- IATA: none; ICAO: none; FAA LID: Y73;

Summary
- Airport type: Public
- Owner/Operator: Iron County, Michigan
- Serves: Iron River, Michigan
- Time zone: UTC−06:00 (-6)
- • Summer (DST): UTC−05:00 (-5)
- Elevation AMSL: 1,618 ft / 493 m
- Coordinates: 46°04′43″N 088°38′07″W﻿ / ﻿46.07861°N 88.63528°W
- Website: ironmi.org/airport

Map
- Y73 Location of airport in MichiganY73Y73 (the United States)

Runways
| Direction | Length |  | Surface |
| ft | m |
| 17/35 | 2,000 | 610 | Asphalt |

Statistics
- Aircraft operations (2022): 2,500
- Based aircraft (2023): 11
- Source: Federal Aviation Administration

= Stambaugh Airport =

Airport in Iron River, Michigan, US

Stambaugh Airport, is a public use airport located 1 mi southeast of the central business district of Iron River, a city in Iron County, Michigan, United States. The closest airport with commercial airline service is Ford Airport about 31 mi to the southeast in Iron Mountain, Michigan.

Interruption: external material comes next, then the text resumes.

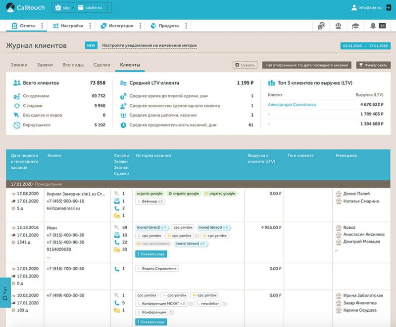 Отчеты по клиентам. Подробный журнал клиентов, где можно посмотреть их общее количество, клиентов, совершивших сделку, клиентов, которые совершили повторные сделки. Можно увидеть ТОП клиентов по выручке, средний LTV, контактные данные, источники заходов, прикрепленных менеджеров.

Although most airports in the United States use the same three-letter location identifier for the FAA and International Air Transport Association (IATA), this airport is assigned Y73 by the FAA but has no designation from the IATA or ICAO. It is not included in the Federal Aviation Administration (FAA) National Plan of Integrated Airport Systems for 2021–2025.

== Facilities and aircraft ==
Stambaugh Airport covers an area of 80 acres (32 ha) at an elevation of 1,618 feet (493 m) above mean sea level. It has one asphalt runway; 17/35 is 2,000 by 40 feet (610 x 12 m).

For the 12-month period ending December 31, 2022, the airport had 2,500 aircraft operations, an average of 48 per week: all of it was general aviation.
In November 2023, there were 11 aircraft based at this airport: 10 single-engine airplanes and 1 ultralight.

The airport does not have a fixed-base operator, and no fuel is available.